- WORK TASK
Below is a listing. Write out exactly its lines between the one holding "Glows in the" and the one holding "отверстие : 1.8 мм", inclusive.

- ENTRIES SHOWN
━━━━━━

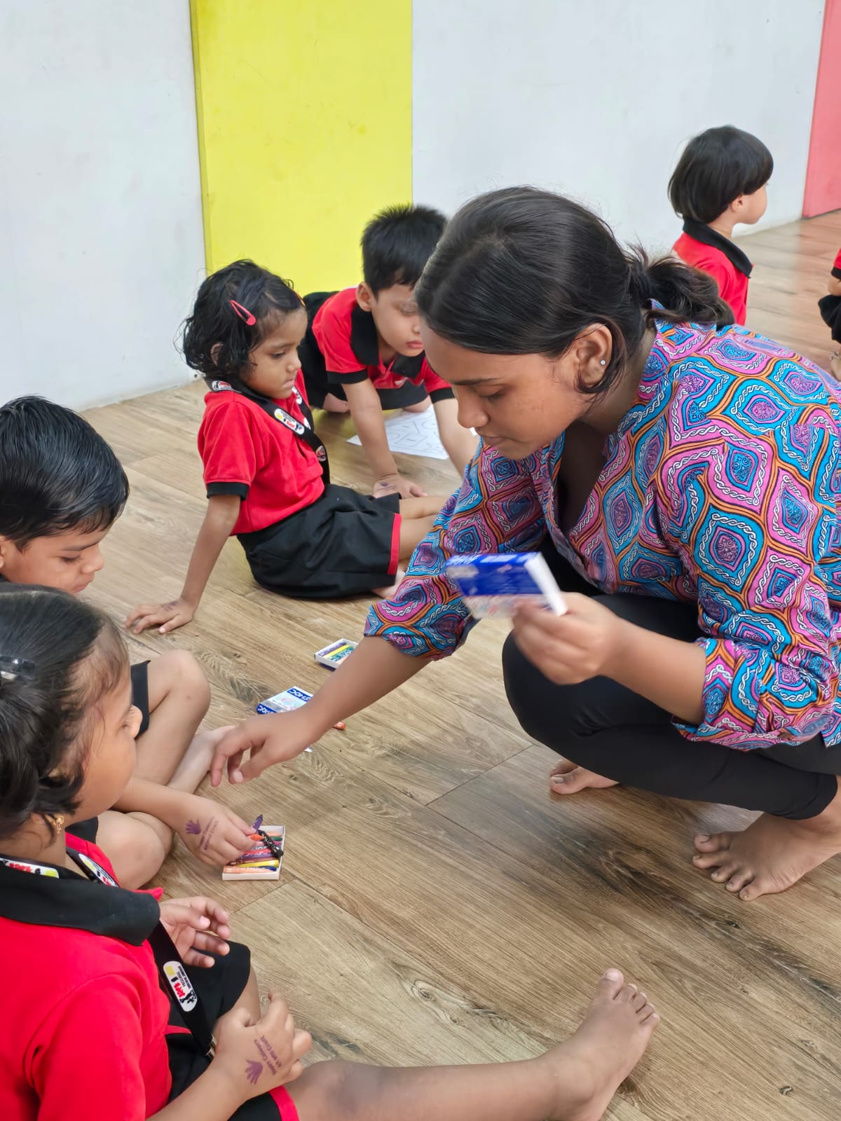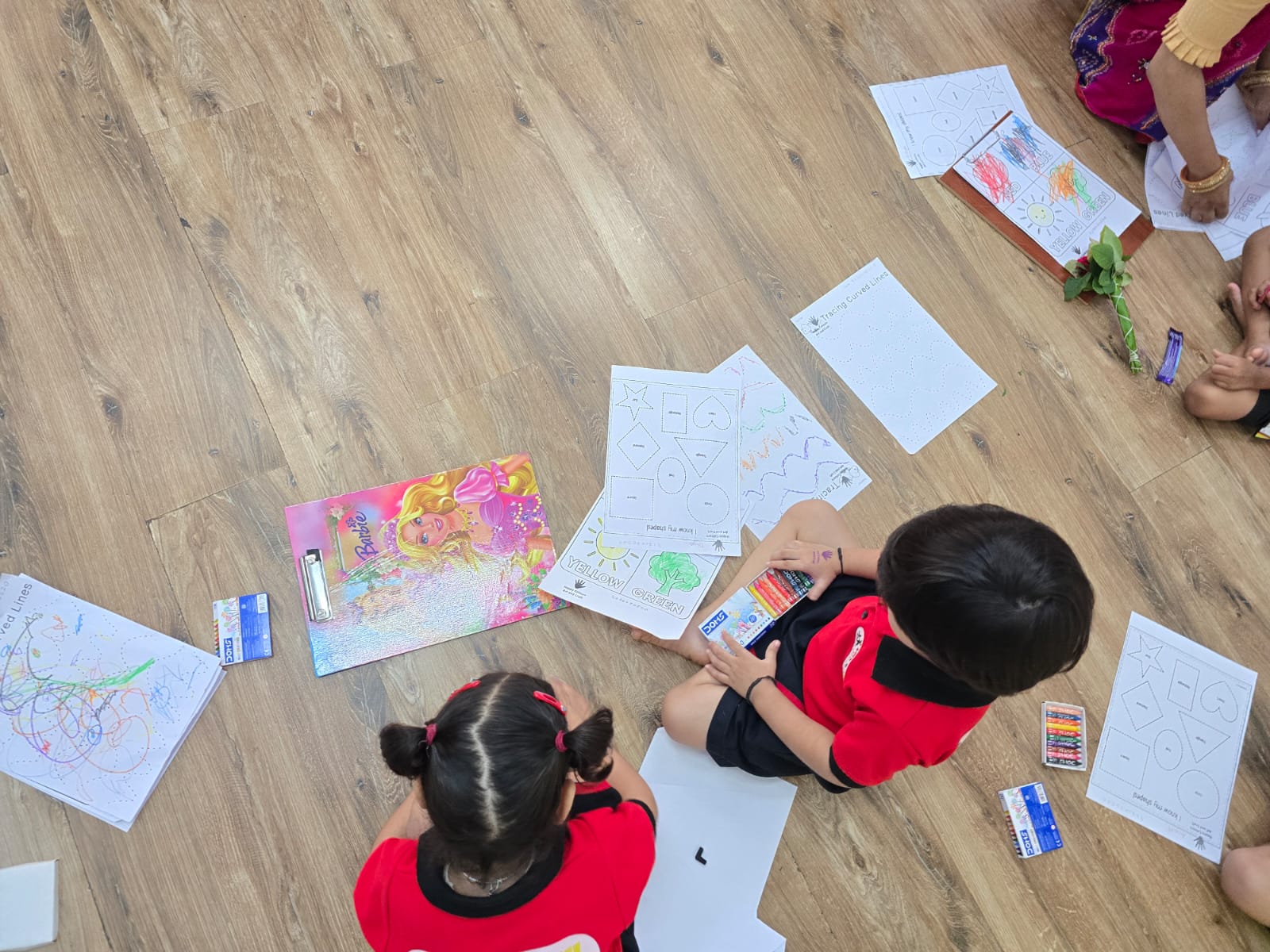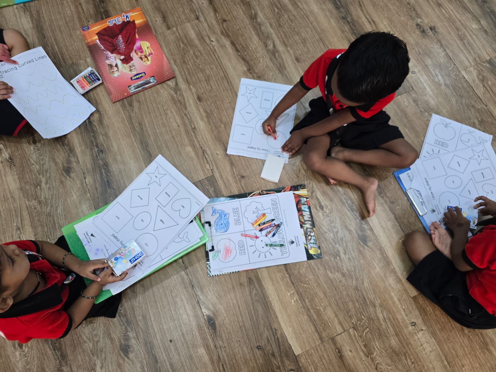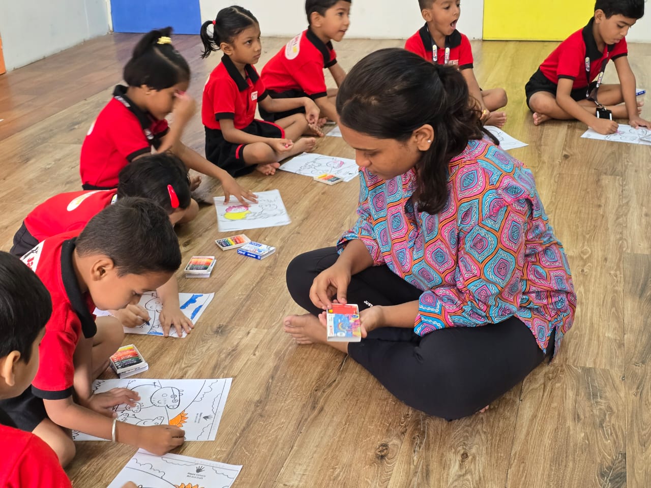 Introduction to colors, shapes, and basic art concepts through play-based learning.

━━━━━━

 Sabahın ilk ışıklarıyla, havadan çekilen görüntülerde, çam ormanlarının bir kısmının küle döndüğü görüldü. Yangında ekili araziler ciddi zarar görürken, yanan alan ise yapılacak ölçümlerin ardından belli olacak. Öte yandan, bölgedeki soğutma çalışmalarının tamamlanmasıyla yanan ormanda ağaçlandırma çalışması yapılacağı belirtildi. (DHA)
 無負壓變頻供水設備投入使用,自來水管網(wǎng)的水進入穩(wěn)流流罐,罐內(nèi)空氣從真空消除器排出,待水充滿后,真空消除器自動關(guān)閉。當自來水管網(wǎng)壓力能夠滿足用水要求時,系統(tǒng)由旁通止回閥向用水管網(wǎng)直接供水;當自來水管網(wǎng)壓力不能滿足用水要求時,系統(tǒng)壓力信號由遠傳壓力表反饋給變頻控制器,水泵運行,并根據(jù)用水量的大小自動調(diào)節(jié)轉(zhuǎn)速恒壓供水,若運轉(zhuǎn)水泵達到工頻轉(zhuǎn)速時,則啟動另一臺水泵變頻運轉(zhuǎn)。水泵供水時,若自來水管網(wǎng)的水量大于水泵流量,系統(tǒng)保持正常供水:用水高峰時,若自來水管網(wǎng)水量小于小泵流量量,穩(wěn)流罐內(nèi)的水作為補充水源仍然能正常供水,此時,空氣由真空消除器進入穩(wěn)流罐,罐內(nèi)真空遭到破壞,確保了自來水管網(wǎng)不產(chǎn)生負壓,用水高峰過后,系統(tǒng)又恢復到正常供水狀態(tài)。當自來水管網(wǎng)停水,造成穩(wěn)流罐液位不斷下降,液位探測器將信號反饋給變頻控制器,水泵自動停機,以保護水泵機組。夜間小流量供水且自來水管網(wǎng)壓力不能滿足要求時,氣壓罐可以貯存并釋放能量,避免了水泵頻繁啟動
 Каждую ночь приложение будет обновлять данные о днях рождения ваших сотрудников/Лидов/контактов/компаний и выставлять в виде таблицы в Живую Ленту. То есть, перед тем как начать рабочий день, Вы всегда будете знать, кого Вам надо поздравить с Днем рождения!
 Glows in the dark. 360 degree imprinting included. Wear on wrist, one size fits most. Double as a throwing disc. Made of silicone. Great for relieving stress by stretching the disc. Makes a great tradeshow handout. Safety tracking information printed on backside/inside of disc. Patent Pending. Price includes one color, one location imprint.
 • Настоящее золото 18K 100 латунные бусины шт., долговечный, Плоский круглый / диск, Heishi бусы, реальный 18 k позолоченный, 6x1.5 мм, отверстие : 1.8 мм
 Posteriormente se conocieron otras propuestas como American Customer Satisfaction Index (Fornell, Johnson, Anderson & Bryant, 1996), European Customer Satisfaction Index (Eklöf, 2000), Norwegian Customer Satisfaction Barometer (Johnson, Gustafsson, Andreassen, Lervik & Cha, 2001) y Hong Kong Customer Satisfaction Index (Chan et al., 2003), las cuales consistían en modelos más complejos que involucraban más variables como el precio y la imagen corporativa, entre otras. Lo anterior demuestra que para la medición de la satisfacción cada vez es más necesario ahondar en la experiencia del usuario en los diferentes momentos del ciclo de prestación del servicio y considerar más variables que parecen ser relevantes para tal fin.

━━━━━━

- EXPECTED ANSWER
 Glows in the dark. 360 degree imprinting included. Wear on wrist, one size fits most. Double as a throwing disc. Made of silicone. Great for relieving stress by stretching the disc. Makes a great tradeshow handout. Safety tracking information printed on backside/inside of disc. Patent Pending. Price includes one color, one location imprint.
 • Настоящее золото 18K 100 латунные бусины шт., долговечный, Плоский круглый / диск, Heishi бусы, реальный 18 k позолоченный, 6x1.5 мм, отверстие : 1.8 мм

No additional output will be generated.